Today Dr. Walter Strickland posted an article giving context to statements reported by the New York Times last week. Dr. Strickland was elected First Vice President of the Southern Baptist Convention two years ago and has served at Southeastern Seminary for 6 years, currently as Associate Vice President for Kingdom Diversity and Assistant Professor of Systematic and Contextual Theology.
Dr. Strickland’s statement includes some key quotes as follows:
Cone, however, represents a theological shift away from that longstanding tradition despite being dubbed the “Father of Black Theology.” Because of Cone’s countless books and articles, he is assumed to be the normative voice of Black Theology, but I was convinced that was not true. My PhD dissertation was a historical analysis of theological method in Black Theology, to demonstrate that James Cone does not have a monopoly on Black Theology, and with the secondary goal of elevating the status of J. Deotis Roberts…
Despite my substantive theological differences, being introduced to systemic sin in his work was an important theological insight to understand the expansive impact of the Fall on humanity and society. However, unlike Cone, I engage systemic sin in light of humanity’s Genesis 2:15 call to be vice-regents and the Fall’s effect on that command…
But I want there to be no question about my affirmation that the Bible is the authoritative Word of God and the foundational text for all I do.

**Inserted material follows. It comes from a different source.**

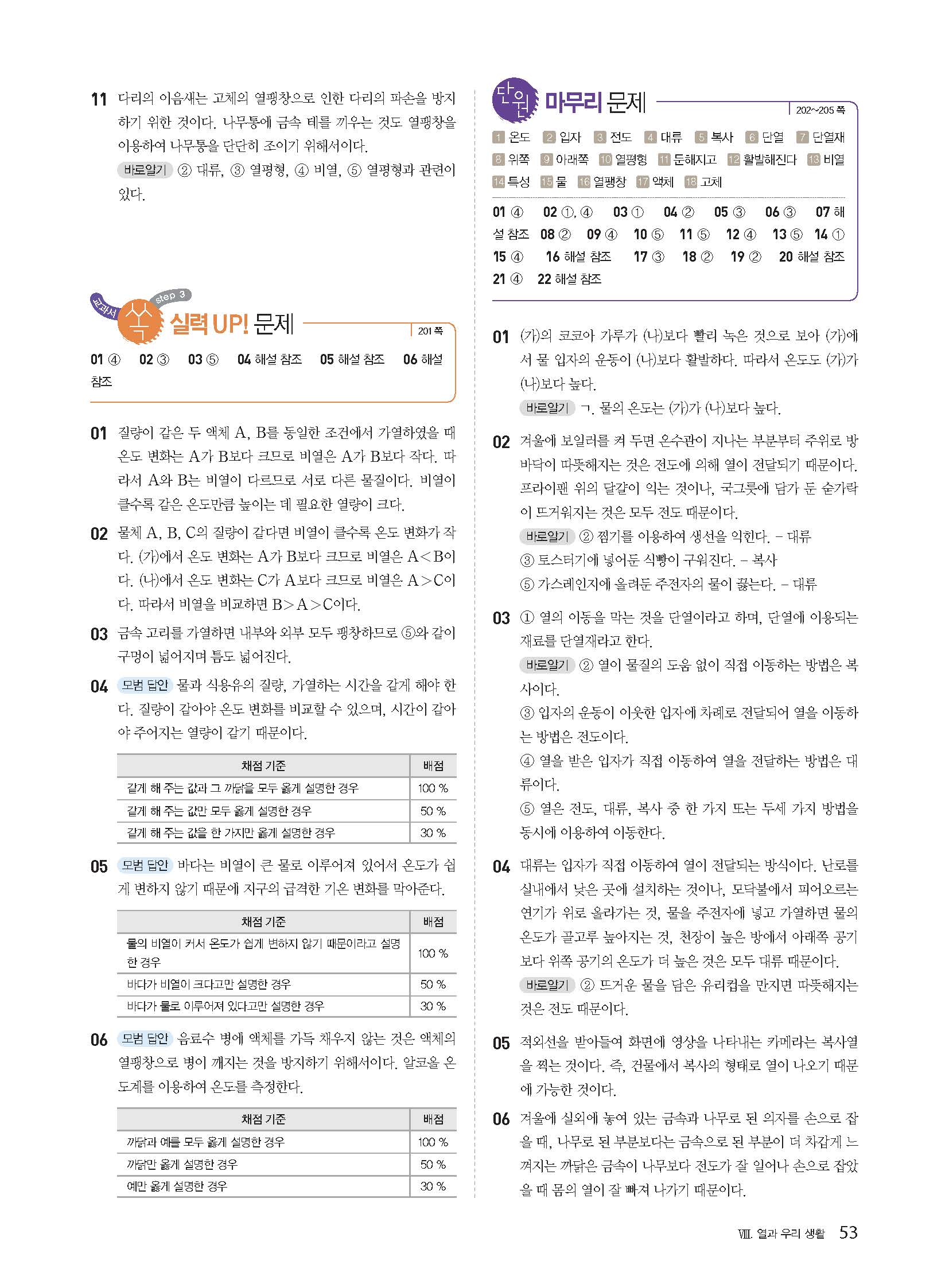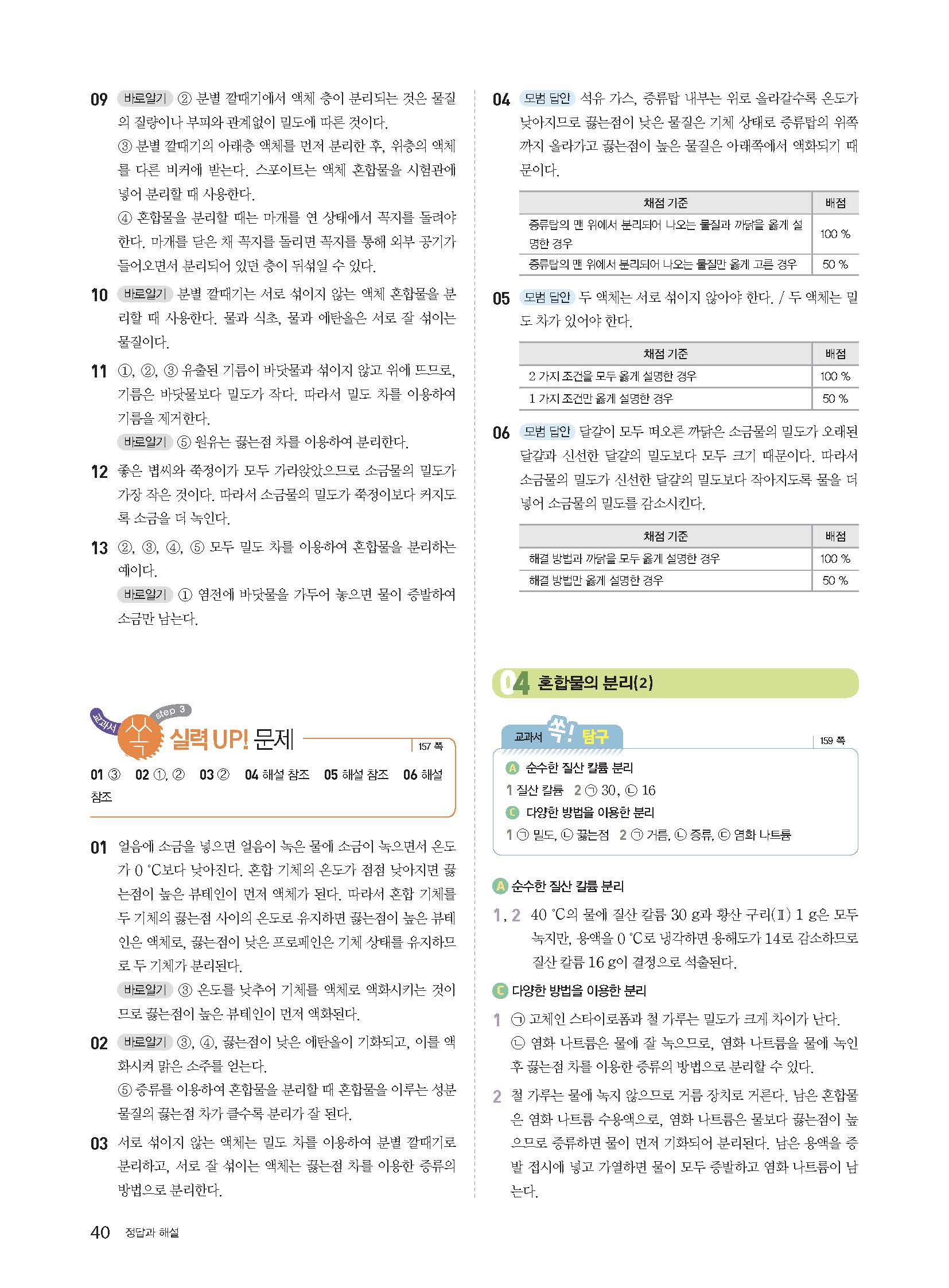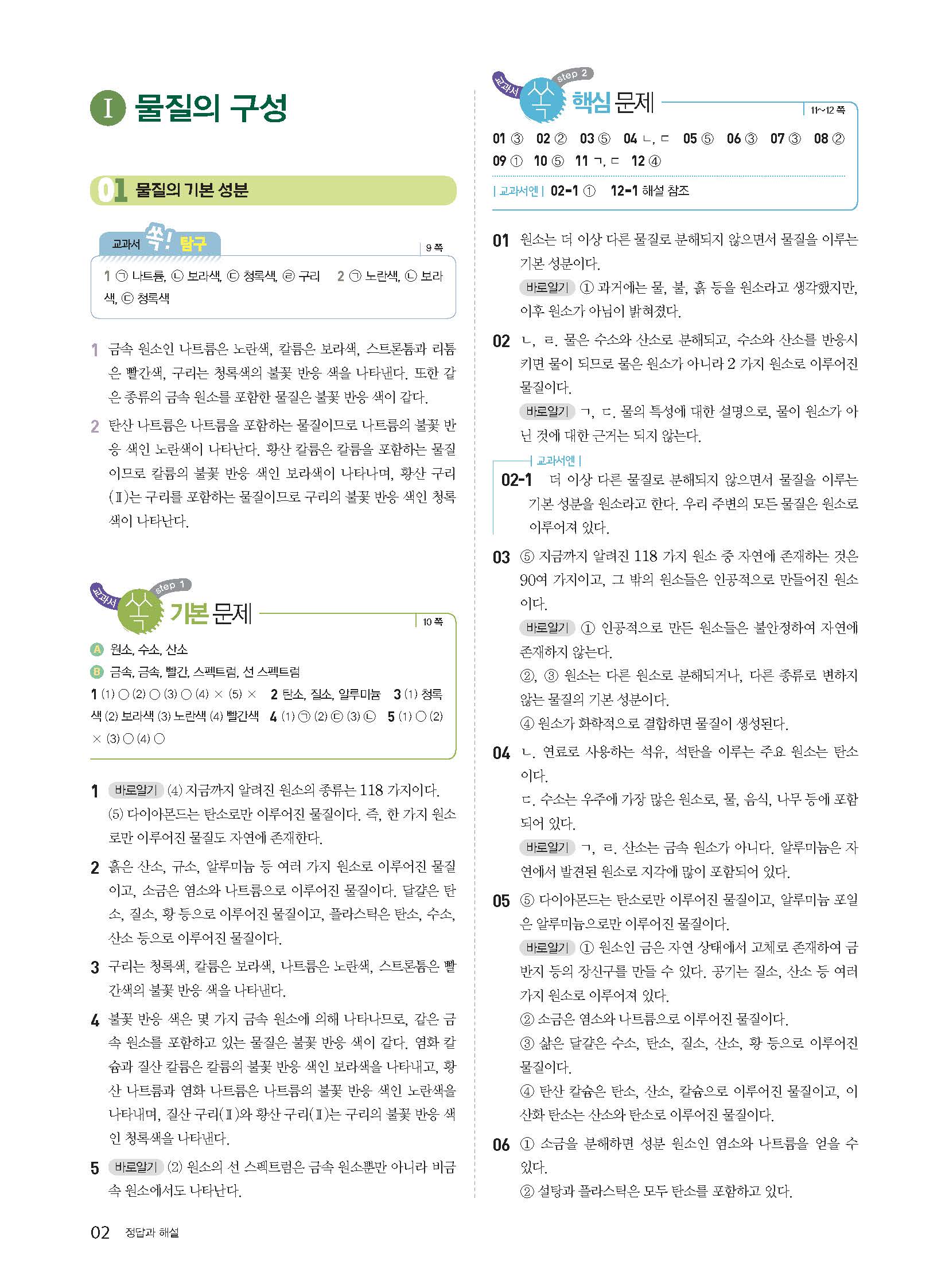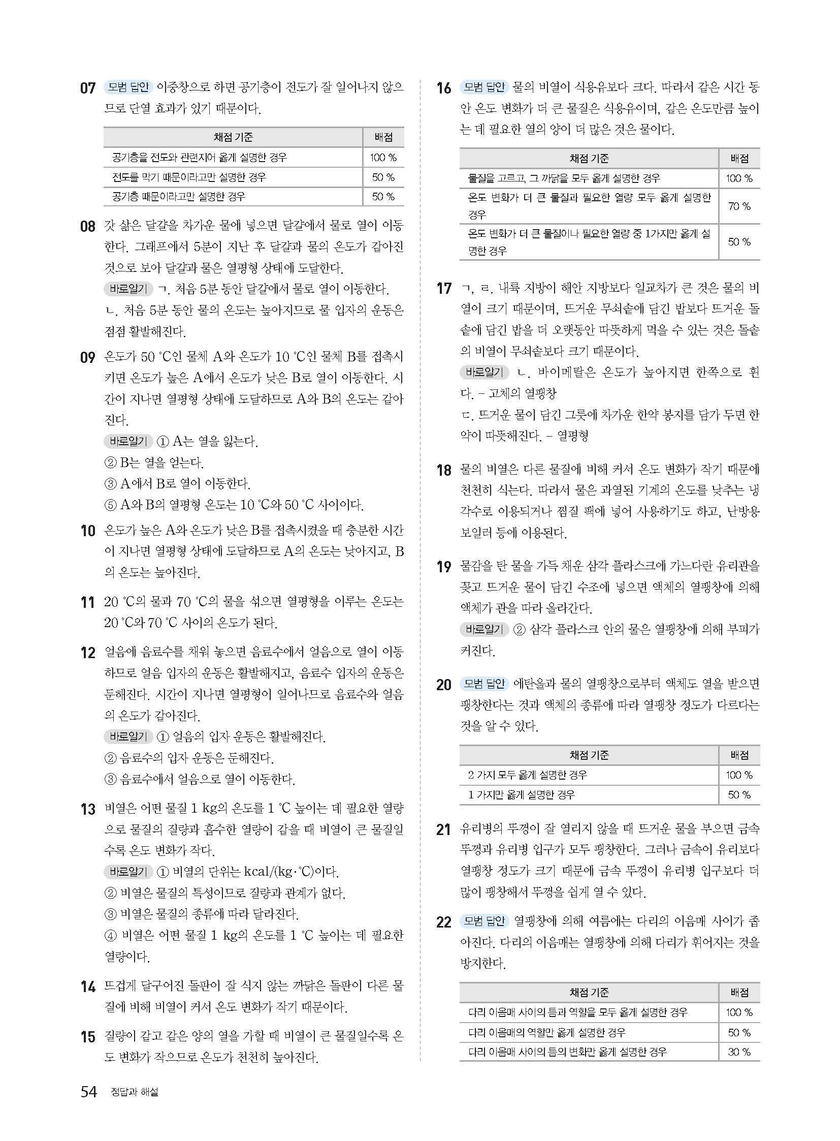 평가문제집 신사고 중등과학2 사진답지 빠른답지 모바일최적화

Last week, in an opinion piece by Molly Worthen titled Can Black Evangelicals Save the Whole Movement? (which in other ways is a fascinating perspective), Worthen quoted Strickland about how he interacts with the ideas of theologian James Cone. Some people read those statements and took them to be saying Dr. Strickland was endorsing all the teachings of James Cone (some of which clearly fall outside of evangelical Christianity) and trying to quietly advocate for unbiblical ideas in his teaching.
Some of our team have met Dr. Strickland in the past. That narrative struck us as completely false and unbelievable. Strickland’s article today gives fuller context to the quotes from the article and details his discovery, reading, and critique of Cone’s writings. I encourage you to read the entire piece. It confirms what our team knew about Dr. Strickland: that he’s committed to full biblical orthodoxy and our confessional documents. Also that he’s a man of integrity and we as Southern Baptists are blessed to have him serving at one of our seminaries.